Business Franchise Law

Many of us may refer to a store with multiple locations as part of a “chain” or franchise without really understanding the structure of these kinds of businesses. What is a business franchise? How are they formed, and how do they operate? The following article considers some of the aspects of franchises that make them distinct from other kinds of businesses.

Who Owns the Franchise?

A business may have multiple locations without being a franchise. If the locations all have the same owner, then the business does not meet the definition of a franchise. A business franchise is defined by the structure of its ownership.

Franchising occurs when the owner of a business grants a license to one or more parties for the purpose of conducting business using the same trademarks, trade names, trade dress, and other identifying aspects of the business. The party granting the license is referred to as the “franchisor,” while those purchasing licenses are referred to as the “franchisee.”

The franchisor is frequently involved in specifying the products and services offered by the franchisees. They may also provide a system of operation, marketing tools, raw materials, training, and other forms of support.

Different Types of Franchises

There are two basic kinds of franchise relationships:

  • Product or Trade Name Franchising refers to franchises where the owner holds the right to a name or trademark, which is then sold or licensed to franchisees; or
  • Business Format Franchising refers to franchises where the franchisor and franchisee have an ongoing relationship in which the franchisor provides services such as site selection, training, marketing plans, and other tools for your business.

Individual states may have different business franchise definitions. Some states require a marketing plan or “community of interest” provision in their definition. The Federal Trade Commission (FTC) has its own business franchise definition that will generally apply when:

  • The franchisor licenses the right to use its trade or service marks to the franchisee;
  • These marks are used to identify the franchisee’s business in marketing a product or service using the franchisor’s operating method;
  • The franchisor provides the franchisee with support and maintains some degree over control over the franchisee’s activities; and
  • The franchisee pays the franchisor a fee.

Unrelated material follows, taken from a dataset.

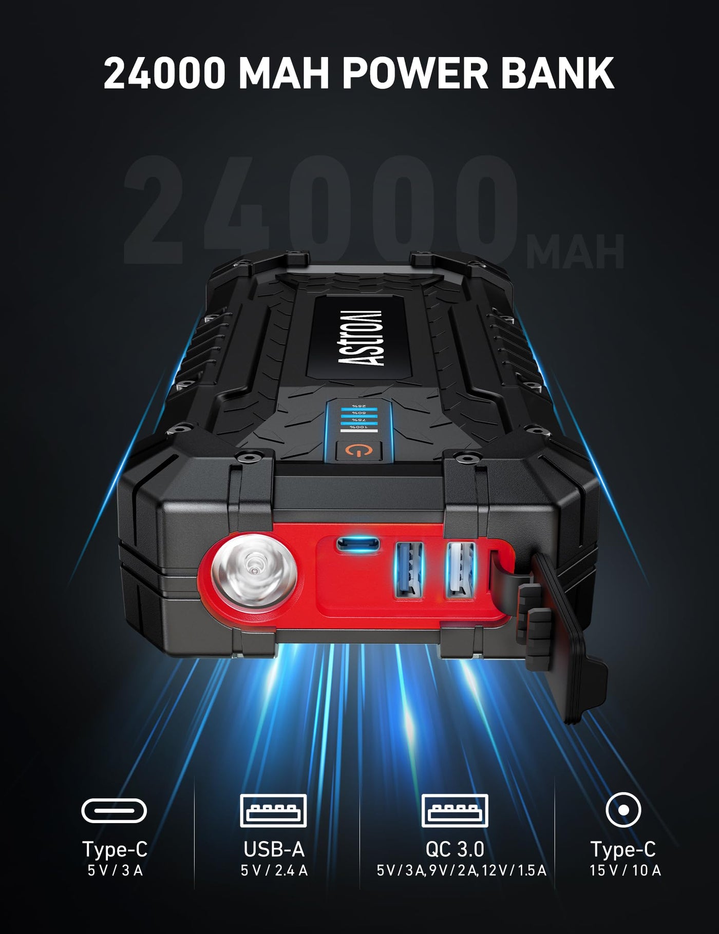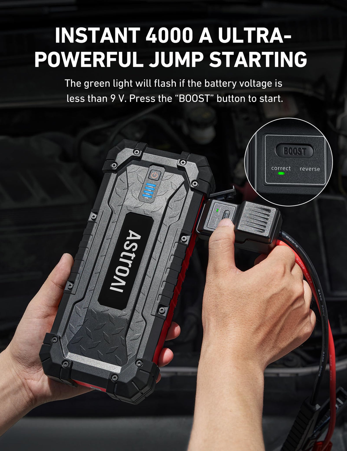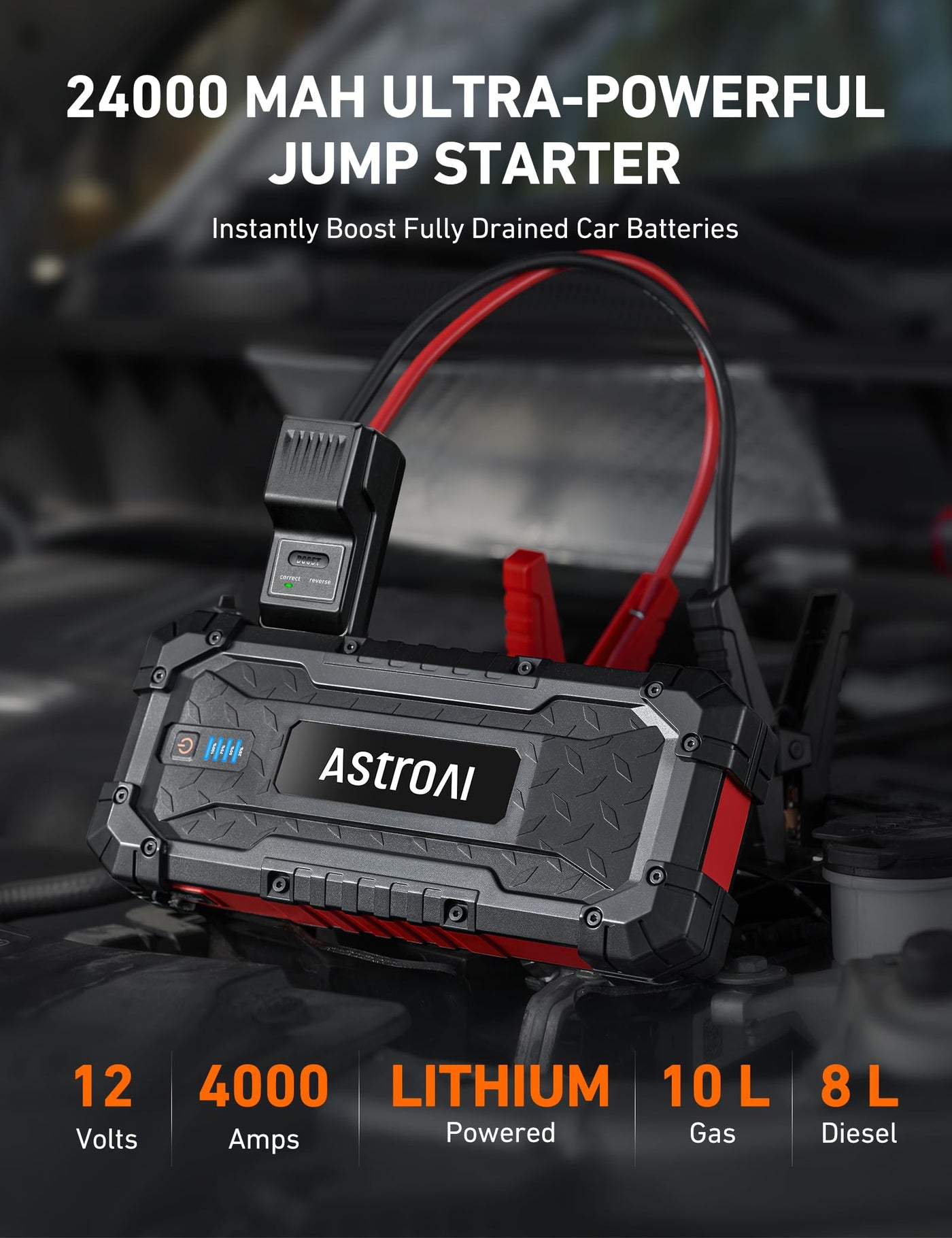 Astroai S8 Ultra Jump Starter Battery Pack, 4000A Battery Jump Starter With Wall Charger For Up To 10.0L Gas & 8.0L Diesel Engin

Certainly, every franchise involves a license, though not all licenses are franchises. Whether a business meets the federal or local business franchise definition may affect the kinds of disclosures that are required. However, these definitions do not greatly impact your rights when a disagreement arises since, in either case, a contract is involved.

Contracts for a Franchise

Franchises are built out of contracts between the franchisor and franchisees. As such, there are two places a franchisee can look to determine their rights and responsibilities within the relationship: the language of the contract itself and the relevant jurisdiction’s contracts laws.

The franchise agreement creates many of the most important rights and obligations between the franchisor and franchisee, including the degree of control the franchisor may exercise over the franchisee, terms of operation, training requirements, trademark and copyright obligations, renewal and termination options, and other important details. The jurisdiction’s laws indicate how contracts are interpreted and enforced when the parties have a disagreement.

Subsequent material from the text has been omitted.